Loans for 100% of the property value are still available
Only six months is left to take out a loan covering the entire value of the property. Currently, despite the large number of banks granting mortgage loans, only 10 have such loans on offer.
Lack of savings is not an obstacle to buying a mortgage-financed property
Only by the end of this year, banks will be able to offer loans to customers to buy real estate without having to invest their own money. The situation will change in six months, i.e. from January 1, 2014. Then each borrower will have to have savings of at least 5% of the property value. All thanks to the new Recommendation S adopted recently by the Polish Financial Supervision Authority. However, today, when the potential borrower has no savings, he can apply for a mortgage for 100% of the property value. 10 banks have such offers. The criteria that must be met are practically the same as those for loans with own contribution. You must have adequate creditworthiness, and the property must meet certain conditions. Similarly, price parameters do not differ much from other loans. Banks charge the same commissions, require the same crosselling (account, credit card), and process the application at the same time. The only difference is a slightly higher margin (around 0.2-0.4 pp) and additional insurance of low own contribution. However, observing the banking market, it can be seen that this is a decline in this type of loans and banks are withdrawing their offers from the will. At the beginning of this year, loans were 100% offered by 13 banks. Goldcoin Credit, HPB Bank and Credit Circle have recently withdrawn from them.
You have to pay for the lack of own contribution
Borrowers who decide on a 100% LTV loan must reckon with the fact that their loan will be more expensive than the loan in the same amount, but with their own contribution. The margin for a 100% loan is usually 0.2-0.4 pp higher than for a similar loan if the customer engages own funds. However, the more severe fee is the so-called low own contribution insurance, which increases the overall cost of the loan. We must pay this fee until the minimum loan amount of 20% has been repaid, which in the case of a 30-year commitment takes between 7 and 10 years. This means additional, non-interest costs paid for almost 1/3 of the repayment period. Banks charge this fee in two ways. Some of them collect the premium for a period of 3 or 5 years and it is renewed for the next period if the required level of own contribution is not obtained after this time. Other banks include the cost of insurance in the interest rate of the loan, increasing its amount by 0.25-0.6 pp until obtaining the required contribution. In practice, this means that for the first 7-10 years of the repayment period we pay interest accrued on the increased interest rate on the loan.
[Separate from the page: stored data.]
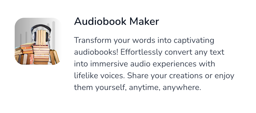 Audiobook Maker: Transform your words into captivating audiobooks! Effortlessly convert any text into immersive audio experiences with lifelike voices. Share your creations or enjoy them yourself, anytime, anywhere.
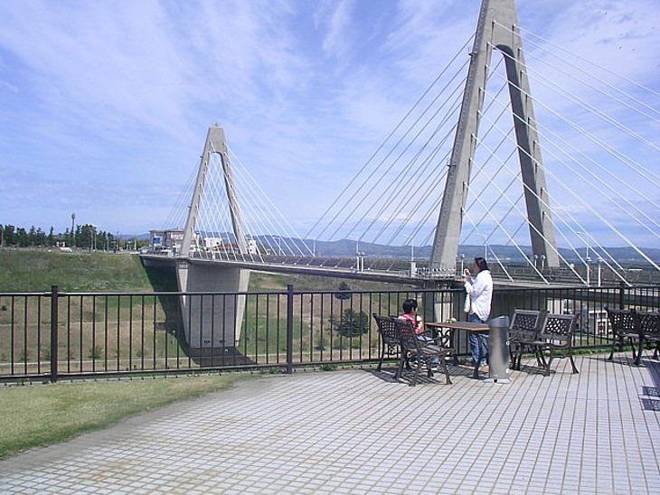 道路寄りのデッキから内灘大橋を。この橋を渡った右側(約500m)に町営の温泉施設「ほのぼの湯」がある
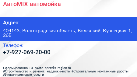 АвтоMIX, автомойка по адресу 404143, Волгоградская область, Волжский, Кузнецкая-1, 26Б в дальнейшем Организация, размещена в следующих категориях:
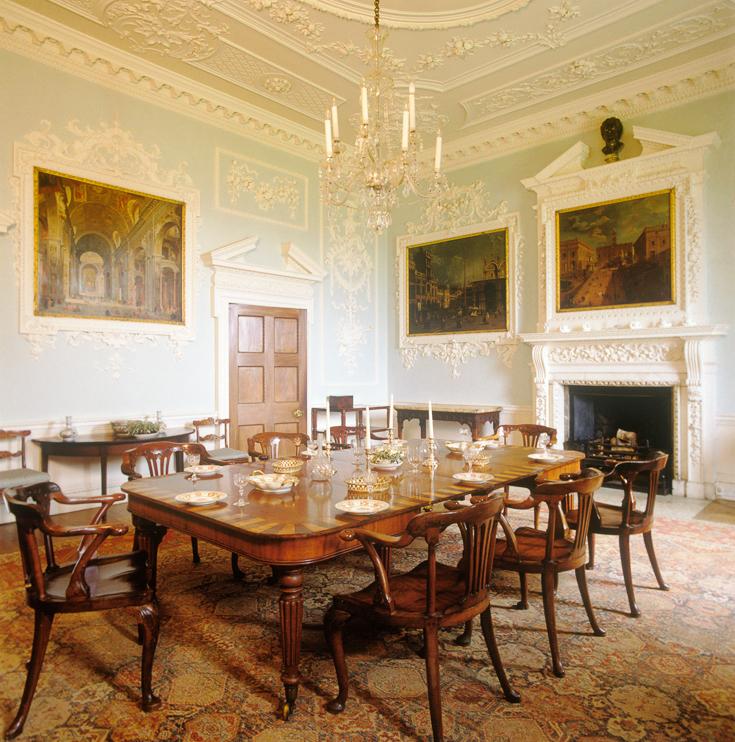 For whatever reason, it was not until the mid or late 1740s that Holbech had the opportunity to create a proper environment for his pictures along the lines of those that he had seen in Venice and Rome in the 1720s and early 1730s. This may explain why these rooms are considered to be unusual for England in 1750 in the way paintings are presented surrounded by elaborate stucco framing.26 Cornforth, II, p.51. Jackson-Stops & Haworth, p. 11. But Holbech’s ambitions had evidently developed and the paintings he had acquired in 1734 were not sufficient for his purposes. He had only two Canalettos and, to decorate a room satisfactorily, he needed more. Fortunately, it was not difficult to acquire them as Canaletto was then in England. Indeed, in 1748 he was making drawings nearby at Warwick Castle for Lord Brooke,27 There are bank payments dated July 1748 and March 1749 (as well as in 1752), and an entry in the estate account book in 1748 records a payment for a drawing of the castle. See D. Buttery, ‘Canaletto at Warwick’, Burlington Magazine, July 1987, pp. 437–5; M. J. Liversidge & J. Farrington (eds), Canaletto and England (exh. cat.), Birmingham Museums and Art Gallery, 1993, pp. 82–6; see also Bettagno, 1982, no. 105, pp. 76–7. The paintings would have been executed in London and sent to Lord Brooke’s townhouse. and was producing views of Badminton House, painted in the summer of 1748.28 Liversidge & Farrington, p. 18. He could well have come to Farnborough Hall at this time and have taken orders for them. That Canaletto visited and gave advice on the stucco framing is enshrined in the Holbech family’s oral tradition.29 Links, in Canaletto (Bettagno), 1982, p. 65. This is dismissed by Cornforth, II, pp. 51–2.
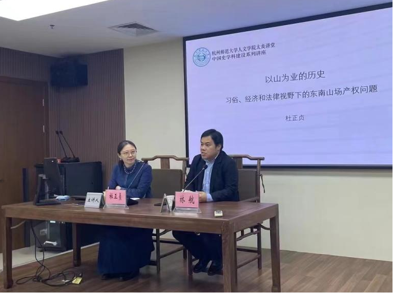 2023年12月12日晚6时,小黄书 太炎讲堂中国史学科建设系列讲座在恕园23号楼314会议室召开。浙江大学历史学系博士生导师杜正贞教授主讲,题目为《以山为业的历史:习俗、经济和法律视野下的东南山场产权问题》。小黄书 历史学系林航教授担任讲座主持人,历史学系陈兆肆教授、王才友教授、陈明华副教授、蔡丹妮老师等一同出席。一众同学们也踊跃参与讲座,浓浓的学术热情温暖了冬季的会议室。
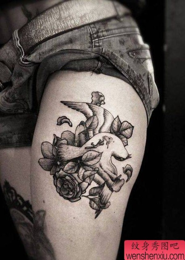 纹身图吧分享一张女性腿部鸽子玫瑰文身作品
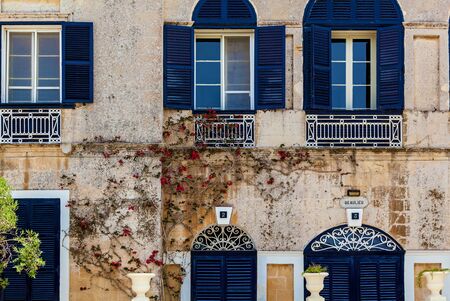 Facade of a house with blue wooden windows and a door in the city of Mdina in Malta.Sights of the island of Malta
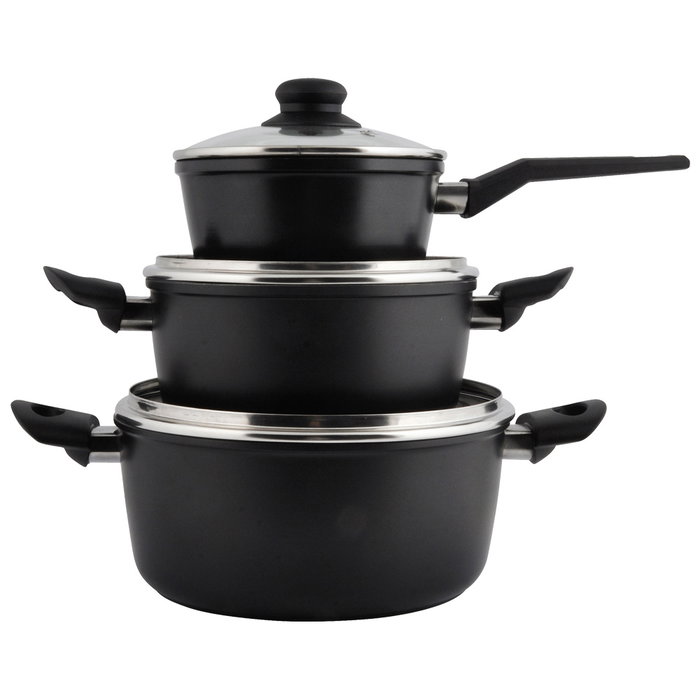 - Incluye: _ Cazo d.16 h.7,5 cm de 1,3 L de capacidad _ Cazuela d.20 h.9,5 cm de 2,5 L de capacidad _ Cazuela d.24 h.10,5 cm de 4,3 L de capacidad Grosor del cuerpo: 2,5 mm

It is worth comparing the cost in both options. Let’s assume that we take out a loan in the amount of $ 250 thousand, for 100% of the property value with an interest rate of 4%. The required 20 percent own contribution (50 thousand) will be obtained after 115 months of repayment. If the low own contribution insurance premium is 3.5% of the missing amount, the first fee will be 1750 dollars, but in subsequent periods the use of increasing own shares will decrease. The total cost of insurance will be around $ 3,767.
Insurance is calculated by increasing the interest rate
The total cost will be much higher. Let’s assume that with the same loan parameters, insurance is calculated by increasing the margin by 0.5 pp. This means that the required 20% own contribution will be obtained only after 121 months. Due to higher interest and slower repayment of capital, the total interest costs will be higher by $ 13 624 than in the case of an interest-bearing loan at the level of 4.00%. It can therefore be said that the insurance of a low own contribution costs almost $ 14,000 in this situation and it is much higher than the one paid in the first example. When taking out a 100% loan, it is worth bearing in mind the very high costs associated with insuring a low down payment. Of course, these fees can be reduced if we repay the loan.